Какая разница? Дарю. Я себе еще найду.
Псалмы стихли, гулкие звуки органа больше не парили над мелководьем, слышно было только печальное покашливание и голос:
– Блаженны скорбящие, ибо утешены будут.
Голые пятки Мюнди сверкали сквозь дыры, его резиновые сапоги до того износились, что едва держались на ногах. Штаны были в свежих заплатах и свежих прорехах, свитер не лучше. Он нашел двух необычных улиток и не отставал от меня, пока я не взял ту, что покрупнее. Мы добрели со своими сокровищами по песку, рифам и большим плоским камням до края острова, до крутого утеса, под которым берег был завален исхлестанными морем обломками скал. Мы вскарабкались на утес и стали смотреть на траулеры, наверняка английские или немецкие, промышлявшие у самого входа во фьорд. Мюнди заявил, что однажды они вперлись прямо в нашу рыболовную зону, сплюнул сквозь зубы и крепко выругался, назвав их чертовыми бандитами и гадами ползучими, которые развлекаются тем, что вытаскивают сети и переметы жителей Дьюпифьёрдюра. Его отец Эйрикюр, Нарви из Камбхуса, Самуэль из Литлибайра и Кели из Туна дважды в прошлом году рисковали жизнью, схватившись с этими мерзавцами из-за сетей.
– Друзья близкие и далекие, женщины и дети, отцы и матери, сестры и братья, весь народ прощается с благородными героями, павшими в борьбе, – вещал голос на хорах. – Но, несмотря на глубокую скорбь, переполняющую наши сердца, мы никогда не забудем, что любовь господня беспредельна…
Мюнди перебил: В воскресенье конфирмация. А нас с тобой еще когда конфирмуют – обалдеешь ждать!
Да, вздохнул я. Три года.
Между рифами, ныряя за рыбешкой, кружила крачка, над зеркальным фьордом горланили чайки, в шхерах плавали гаги. В глубине души мне хотелось, чтобы Мюнди провел со мной лето на хуторе Грайнитейгюр, где у меня будут в друзьях другие птицы – кулики и кроншнепы, луговые коньки, трясогузки и красноножки.
Слышь, сказал он, ты кем хочешь стать, когда вырастешь?

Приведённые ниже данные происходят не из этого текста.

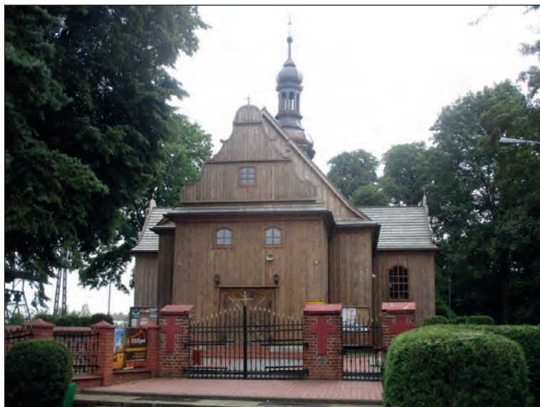
Fot. 4. Kościół w Rossoszycy w 2017 r.

żym wyzwaniem będzie planowane malowanie wnętrza kościoła. Na podstawie analizy starszych warstw malarskich próbuje się ustalić dawny wystrój wnętrza, jak również zidentyfikować stosowane niegdyś techniki malarskie. Stwierdzenie użycia bieli cynkowej (stosowanej od 1850 roku!) w najwcześniejszym odkrytym opracowaniu kolorystycznym drewnianych ścian i drewnianego pseudo-sklepienia kościoła (datowanego na 1783 r.) pozwala przypuszczać, że był on przez dłuższy czas bez opracowania barwnego lub pierwotne malatury nie zachowały się. W celu uniknięcia błędów popełnianych w przeszłości, wszystkie te prace przebiegają pod ścisłą kontrolą konserwatora zabytków (zadania tego podjęła się Monika Bystrowska-Kunat – specjalista w zakresie konserwacji malarstwa i rzeźby polichromowanej). Finalny etap prac konserwatorskich obejmie renowację rzeźb i obrazów znajdujących się w ołtarzach pozostających na wyposażeniu kościoła.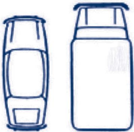
Grafico dell'incidente al momento dell'urto

Indicare i danni visibili al veicolo DRIVALIA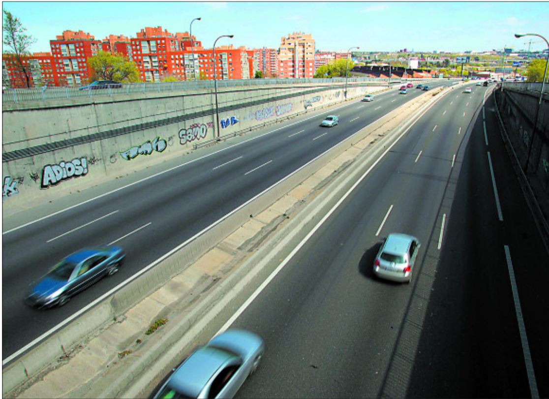
La autovía de circunvalación M-40, a su paso por Villaverde.

El impacto ambiental que tendrán las obras afecta al río Manzanares; el parque Lineal del Manzanares, el de Palomeras, en Vallecas; el del Espinillo, en Villaverde; el parque de Orcasitas; y el del monte de las Piqueñas, cerca al nudo de la Fortuna (Leganés). "El objeto del estudio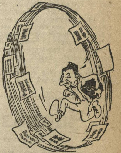
Рис. П. Головина.

...Он, кажется, из кожи в себя да только все вперед не подается, как белка в колесе.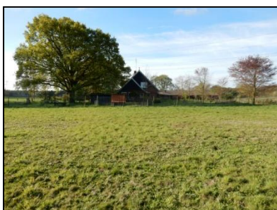
Figuur 6. Erf met weideperceel op voorgrond.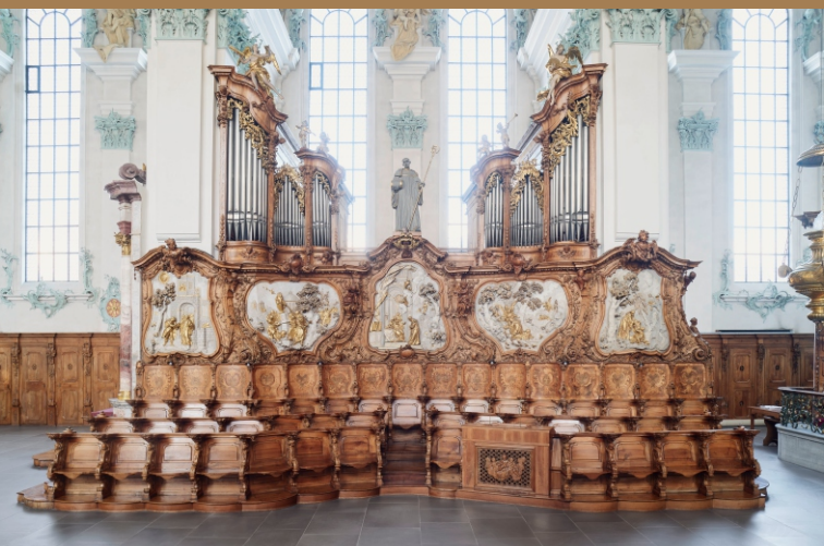
Evangelienorgel – Nordseite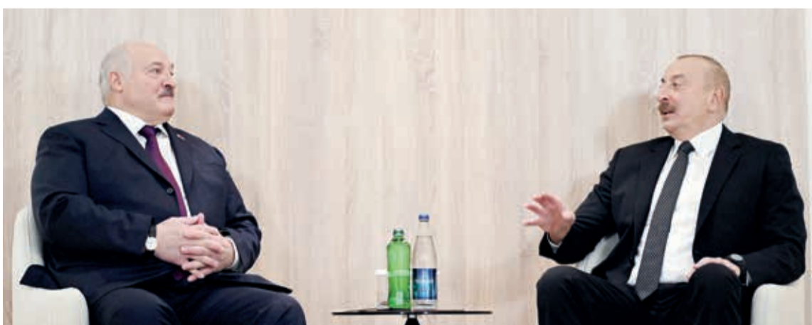
Azərbaycan Respublikasının Prezidenti İlham Əliyev noyabrın 11-də Belarus Respublikasının Prezidenti Aleksandr Lukaşenko ilə görüşüb.

Dövlətimizin başçısı Prezident Aleksandr Lukaşenonun dəvəti qəbul edib COP29 tədbirində iştirakına görə minnətdarlığını bildirdi.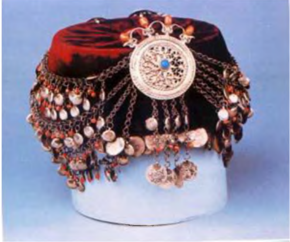
Şekil.7. Fes Süsü

Fes süsleri, fesin ön kısmından kenarlarına doğru uzanan zincirlere ve penezlere bağlanarak üçgen daire ve değişik şekiller oluşturularak yapılan takılardır. 23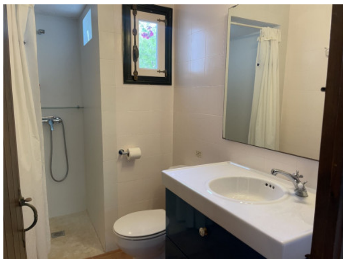
Chalet con 2 baños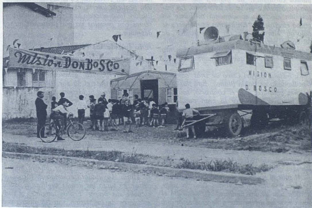
BAHIA BLANCA.—La Misión Don Bosco rodante echa los frenos en las afueras de la ciudad.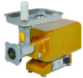
MM-12A 额定电压 Rate Voltage:~220V 3~380V 额定频率 Rate Frequency:50hz 电机功率 Power:1.1kw 生产能力 productivity:120kg/h 整机重量 Net Weight:24kg 外型尺寸 Dimension:480x210x360mm 肉板孔径 meat plate aperture:6mm 8mm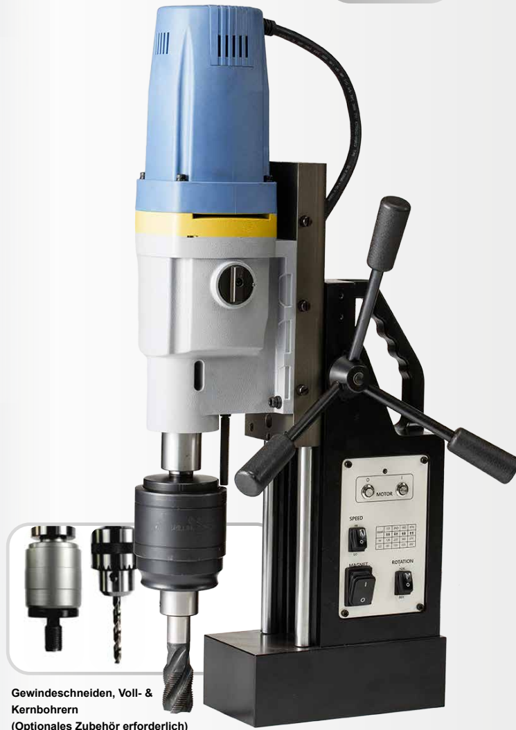
Gewindeschneiden, Voll- & Kernbohren (Optionales Zubehör erforderlich)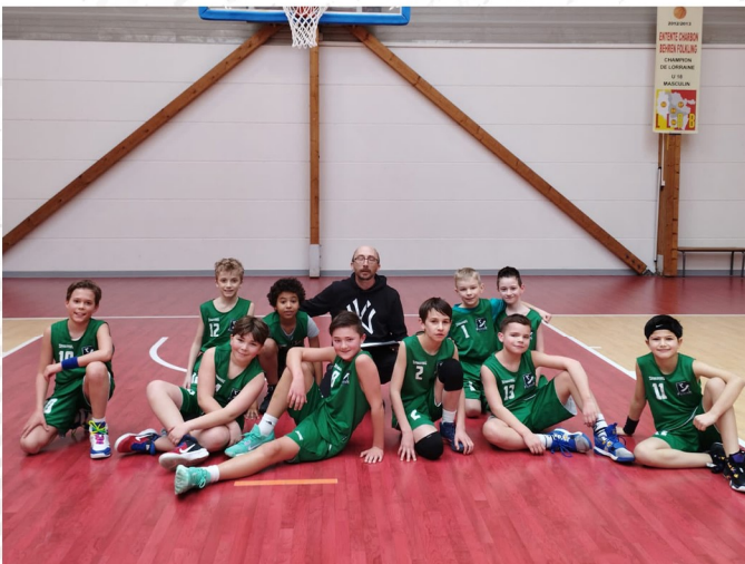
U11 Poussins Garçons 1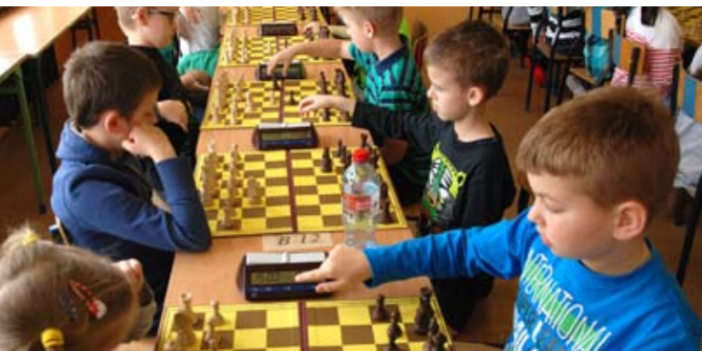
Młodzi mieli szansę wykazać się swoimi umiejętnościami

Zwycięzcy poszczególnych klasyfikacji zostali wyróżnieni pucharami, dyplomami oraz nagrodami finansowymi i rzeczowymi. Wszyscy uczestnicy turnieju do lat 10 otrzymali pamiątkowe dyplomy i upominki.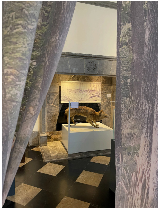
Loup naturalisé, 19 e s. (coll. Séminaire de Floreffe)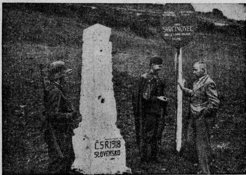
Stup graniczny czeski z 1918 roku z okresu przed zajęciem przez Czechów Śląska Zaolziańskiego. Dziś stupa ten stanowi znowu granicę czeską.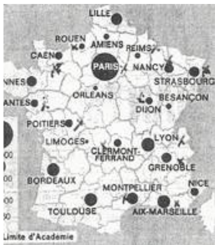
LES 23 VILLES ACADÉMIQUES.

Les lois de la nature. Huit jours plus tard, le 22, février, le ministre de l'Education nationale, M. Alain Peyrefitte, répond. Devant le Copar (Comité parisien des œuvres universitaires et scolaires), il présente les grandes lignes d'un nouveau règlement. « Désinvolture et hypocrisie », commente, le lendemain, le bureau (national de l'U.N.E.F.

Я не был готов вот так, сразу доверить ему мою самую заветную мечту о том, чтобы купить небольшой орган и грузовик, а потом разъезжать на этой машине по деревушкам, долинам, по дорогам Грайнитейгюра, иногда останавливаться, прямо в кузове садиться за орган и наполнять небосвод переливами божественной музыки. Поколебавшись, я ответил, что еще не знаю, кем буду.
А я – капитаном.
Где? В Рейкьявике?
Может быть, на судне береговой охраны, сказал он и, указывая на траулеры, добавил: Если выйдет, то я не я буду, а получат они на орехи, гады ползучие!
– Мы прощаемся с благородными героями, но сквозь тучи скорби нам светит солнце надежды на встречу после разлуки, – говорил голос на хорах. – Господь всемогущий предопределил нам, смертным, вечную жизнь…
Мюнди перебил: Тебя кто стриг?
Бабушка.
Не пора ли запретить им этак корнать нашего брата?
Но тогда надо будет причесываться.
Точно, заключил он и, тут же потеряв интерес к этой мысли, поднялся на ноги, собираясь домой. Не желаю все время причесываться, как девчонка.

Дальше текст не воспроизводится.